Voilà le bilan prometteur pour l’avenir, bilan que Cohen dresse à partir du passé. Mais ce poète et chanteur canadien ne se veut le porte-parole ni d’une solution politique, ni d’un quelconque message. Bien au contraire, il faut se rendre à l’évidence que cet homme, longtemps énormément apprécié par beaucoup de femmes, prête toujours „un pouvoir salutaire à l’amour, comme le prouvent des chansons comme Light As The Breeze. C’est une de celles que l’on peut mettre parmi les Songs of love and hate de Cohen.
Les citations qu’utilise Cohen sont toujours bien choisies, qu’il s’agisse d’extraits de ses propres textes ou de celles dont il a trouvé l’inspiration chez Dylan, comme Anthem ou encore Everything Is Broken. Mais il refuse de faire du surplace et dit qu’à côté, de l’amour, il voit bien „dans les semences de notre régénération qui repoussent les mauvaises herbes de notre pourriture“ la solution à tous nos problèmes. On retrouve cette idée dans sa chanson Democracy. Peu importe alors comment on juge la qualité, des textes d’un grand interprète et compositeur, disons que ses chansons sont avant tout honnêtes. „Honnêtes parce que je ne recherche rien d’autre que l’honnêteté, Selon moi, l’honnêteté, est un appel à la tolérance“.
Et en tout, le nouvel album de Cohen – qui n’est pas aussi futuriste qu’il voudrait bien le faire croire – contient neuf chansons.
L’une d’entre elles, Always, est issue de la plume d’Irving Berlin; une autre, Be For Real. est une reprise de Frederick Knight. Ce qui est absolument inhabituel et peu caractéristique de Cohen, c’est que le dernier morceau est complètement instrumental: il s’agit de Tacoma Trailer, qui peut être considéré comme étant le point final des idées quelque peu désenchantées d’un artiste habitué, aux poèmes en chansons.
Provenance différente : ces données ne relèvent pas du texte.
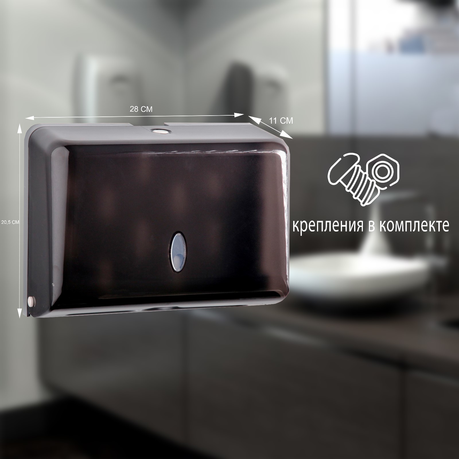 Диспенсер для бумажных полотенец в листах, пластиковый (макс. 200 шт), 27x11x20,5 см, цвет чёрный

Pour cet homme âgé de 60 ans, il ne s’agit pas de savoir si l’amour prime sur la démocratie. Pour lui, le plus important,, c’est de survivre. Et quand on l’interroge sur les dangers que constitue le fascisme, lui le Juif toujours croyant, même s’il ne respecte pas tous les rites imposés par sa religion, il répond ne s’agit pas tant de la renaissance d’un nouvel Hitler un jour sur la terre, mais bien plus d’une prédisposition des esprits à une telle renaissance. En fait, c’est notre responsabilité individuelle face au passé, de l’humanité, qui devrait tous nous inciter à la tolérance“.
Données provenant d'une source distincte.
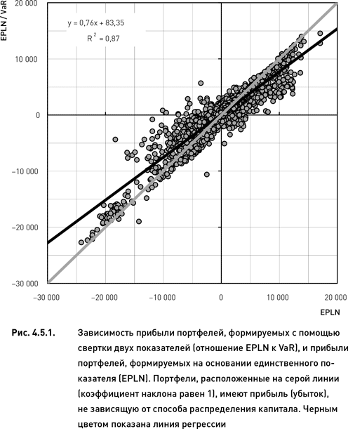 По аналогии с исследованием, описанным в разделе 4.4.3, будем рассматривать зависимость между прибылью портфеля, получаемой при распределении капитала с помощью свертки, и прибылью, получаемой при формировании портфеля на основании одного показателя. На рис. 4.5.1 по вертикальной оси отложены значения прибыли, полученной при распределении капитала по свертке двух показателей, а по горизонтальной оси – значения прибыли, соответствующие портфелям, сформированным на основании единственного показателя. Напомним, что прибыль портфелей, расположенных на линии безразличия (с коэффициентом наклона, равным 1), одинакова при распределении капитала с помощью многомерной и одномерной системы. Точки, расположенные выше линии безразличия, обозначают портфели, для которых применение многомерной систем привело к увеличению прибыли или уменьшению убытка (по сравнению с тем, что было бы, если бы капитал распределялся в соответствии с одномерной системой).

Cohen ne boit pas, sauf parfois en tournée. Il a renoncé, au tabac il y a deux ans. Et il y a déjà quelques années qu’il n’intéresse plus vraiment les femmes… Voilà sa manière de résumer sa vie privée. La description un peu refroidissante, de son calme intérieur actuel, éternel retour à l’humour macabre, s’entend à nouveau dans son nouvel album. Les textes en sont, comme toujours, très poétiques. Quant à la musique, elle semble plus détendue, plus enjouée et plus gaie qu’autrefois. L’album The Future peut ainsi être considéré comme l’autopsie de l’existence humaine en cette fin de siècle.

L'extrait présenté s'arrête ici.